*Exercise directions*:
Restate every record word for word, without the pictures.

*Data for analysis*:
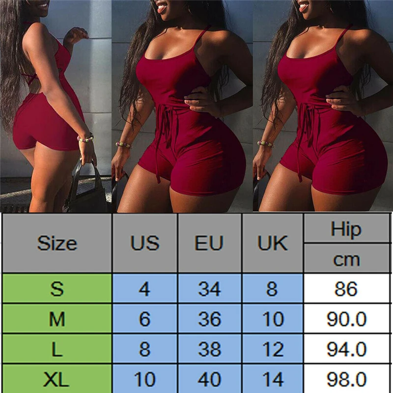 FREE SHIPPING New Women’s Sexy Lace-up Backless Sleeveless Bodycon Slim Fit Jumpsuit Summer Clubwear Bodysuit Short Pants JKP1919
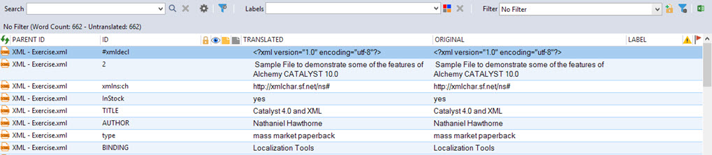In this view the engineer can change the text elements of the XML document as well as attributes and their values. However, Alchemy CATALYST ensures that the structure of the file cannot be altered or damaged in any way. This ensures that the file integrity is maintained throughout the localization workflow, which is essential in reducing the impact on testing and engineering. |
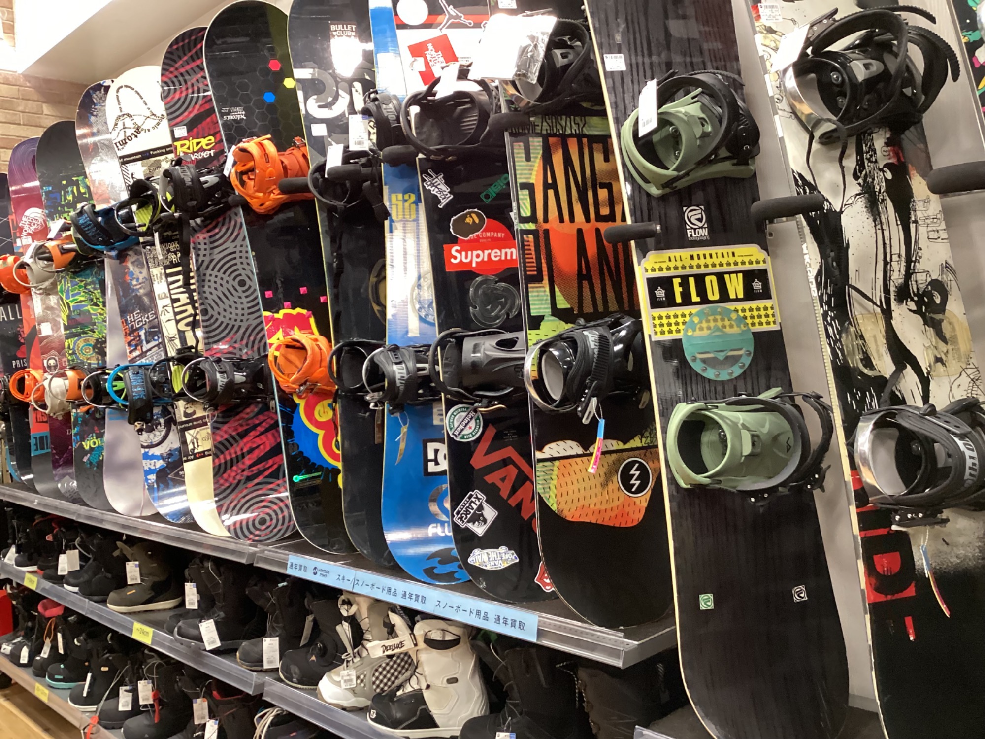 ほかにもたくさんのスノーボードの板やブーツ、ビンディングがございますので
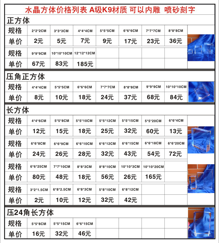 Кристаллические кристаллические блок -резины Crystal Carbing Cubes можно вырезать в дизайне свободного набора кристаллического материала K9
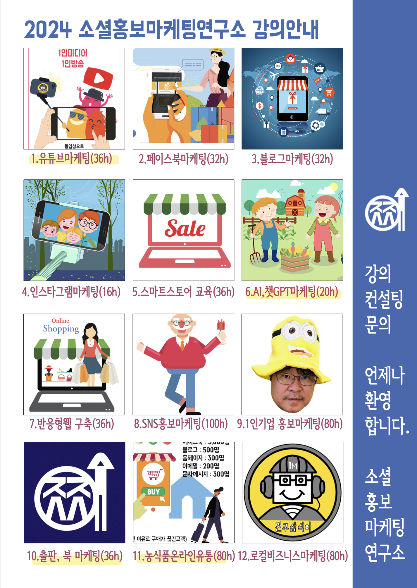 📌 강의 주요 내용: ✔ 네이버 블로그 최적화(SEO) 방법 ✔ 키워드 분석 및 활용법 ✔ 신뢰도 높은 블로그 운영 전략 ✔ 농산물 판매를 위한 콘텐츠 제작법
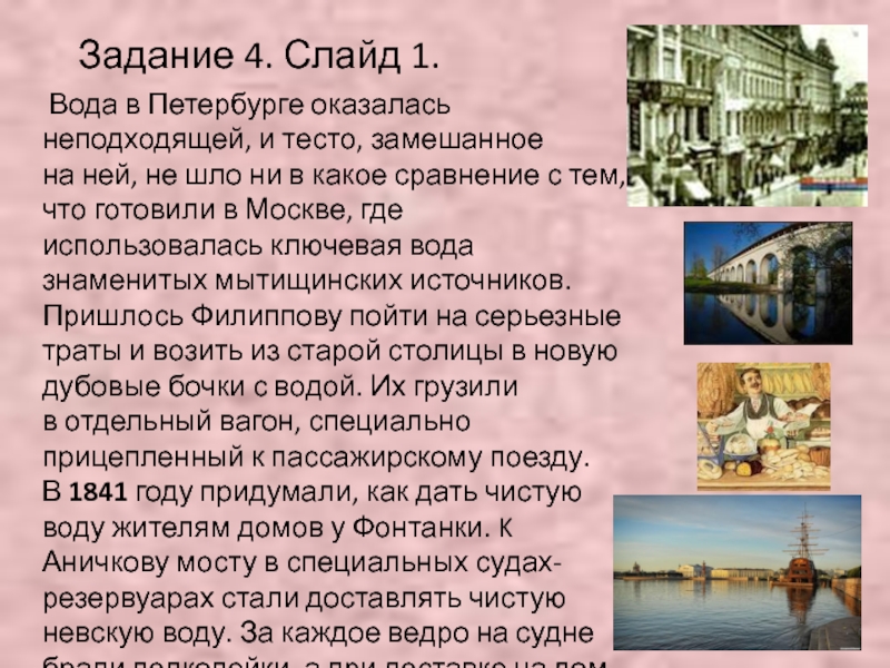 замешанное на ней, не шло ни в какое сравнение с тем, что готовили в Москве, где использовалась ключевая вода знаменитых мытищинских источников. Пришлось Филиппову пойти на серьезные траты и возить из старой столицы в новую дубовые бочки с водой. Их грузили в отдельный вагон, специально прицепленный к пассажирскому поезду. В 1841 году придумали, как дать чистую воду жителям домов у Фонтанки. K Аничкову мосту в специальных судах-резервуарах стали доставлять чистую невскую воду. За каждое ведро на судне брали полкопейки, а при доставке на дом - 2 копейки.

*Solution to the exercise*:
 FREE SHIPPING New Women’s Sexy Lace-up Backless Sleeveless Bodycon Slim Fit Jumpsuit Summer Clubwear Bodysuit Short Pants JKP1919
In this view the engineer can change the text elements of the XML document as well as attributes and their values. However, Alchemy CATALYST ensures that the structure of the file cannot be altered or damaged in any way. This ensures that the file integrity is maintained throughout the localization workflow, which is essential in reducing the impact on testing and engineering. |
 ほかにもたくさんのスノーボードの板やブーツ、ビンディングがございますので
 Кристаллические кристаллические блок -резины Crystal Carbing Cubes можно вырезать в дизайне свободного набора кристаллического материала K9
 📌 강의 주요 내용: ✔ 네이버 블로그 최적화(SEO) 방법 ✔ 키워드 분석 및 활용법 ✔ 신뢰도 높은 블로그 운영 전략 ✔ 농산물 판매를 위한 콘텐츠 제작법
 замешанное на ней, не шло ни в какое сравнение с тем, что готовили в Москве, где использовалась ключевая вода знаменитых мытищинских источников. Пришлось Филиппову пойти на серьезные траты и возить из старой столицы в новую дубовые бочки с водой. Их грузили в отдельный вагон, специально прицепленный к пассажирскому поезду. В 1841 году придумали, как дать чистую воду жителям домов у Фонтанки. K Аничкову мосту в специальных судах-резервуарах стали доставлять чистую невскую воду. За каждое ведро на судне брали полкопейки, а при доставке на дом - 2 копейки.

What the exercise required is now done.